Fitting a linear model

fm1 <- lm(yield ~ nitro, data = Oats.I)
fm1.prd <- predict(fm1, interval = "conf")
Oats.IA <- cbind(Oats.I, fm1.prd)
## Make a plot
ggplot(data = Oats.IA, aes(x = nitro, y = yield)) + 
  geom_point() + 
  geom_line(aes(y = fit)) + 
  geom_ribbon(aes(ymin = lwr, ymax = upr), fill = "purple", alpha = 0.4)

The interpretation of these confidence bands is not always intuitive (Krzywinski and Altman, 2013). In the frequentist framework we need to imagine performing this experiment many times and that there is some “true” relationship between nitro and yield. These bands that we create will contain the “true” relationship 95% of the time.
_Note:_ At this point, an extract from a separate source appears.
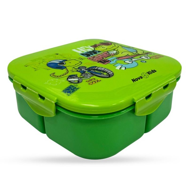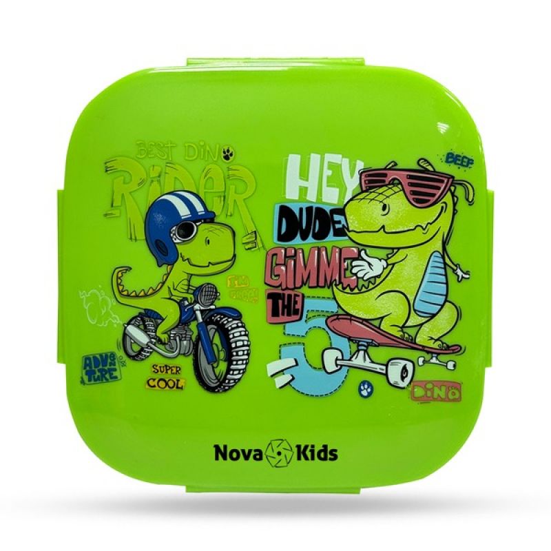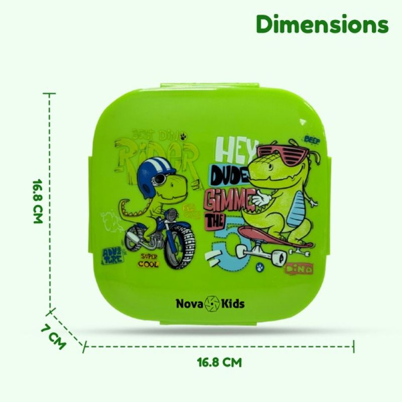 Nova Kids Square 1000ml Bento Lunch Box - T - Rex Green
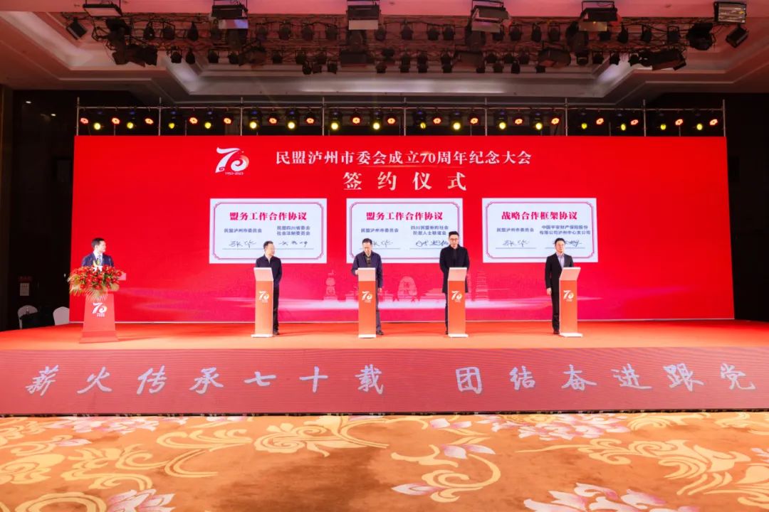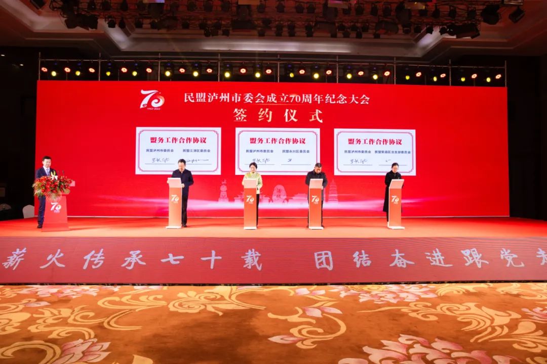 会上,泸州市政协副主席、民盟泸州市委主委杜旭林,宜宾市政协副主席、民盟宜宾市委主委廖霆,泸州市政协副主席、民革泸州市委主委刘旭晴先后致辞。泸州民盟与重庆市江津区、永川区、荣昌区民盟分别签订盟务合作协议,与民盟省委会社法委、新联会、平安产险泸州中支公司分别签订盟务合作、招商引资、社会服务合作协议;为泸州民盟盟龄40年以上盟员颁发纪念章,举办泸州民盟70周年展。纪念大会由民盟泸州市委副主委、泸州市金融工作局局长熊建辉主持。

However, we do not know whether this particular confidence band contains (or not) the “true” relationship. In more practical terms, displaying these confidence bands along with the relationship is an intuitive way of conveying uncertainty about this relationship. And, in this case, it is clear that this is a result of the very low sample size.

It is also possible to create the same plot using ‘geom_smooth’ in ggplot and the bands are nearly identical (geom_smooth computes predictions at more than just the four points in nitro).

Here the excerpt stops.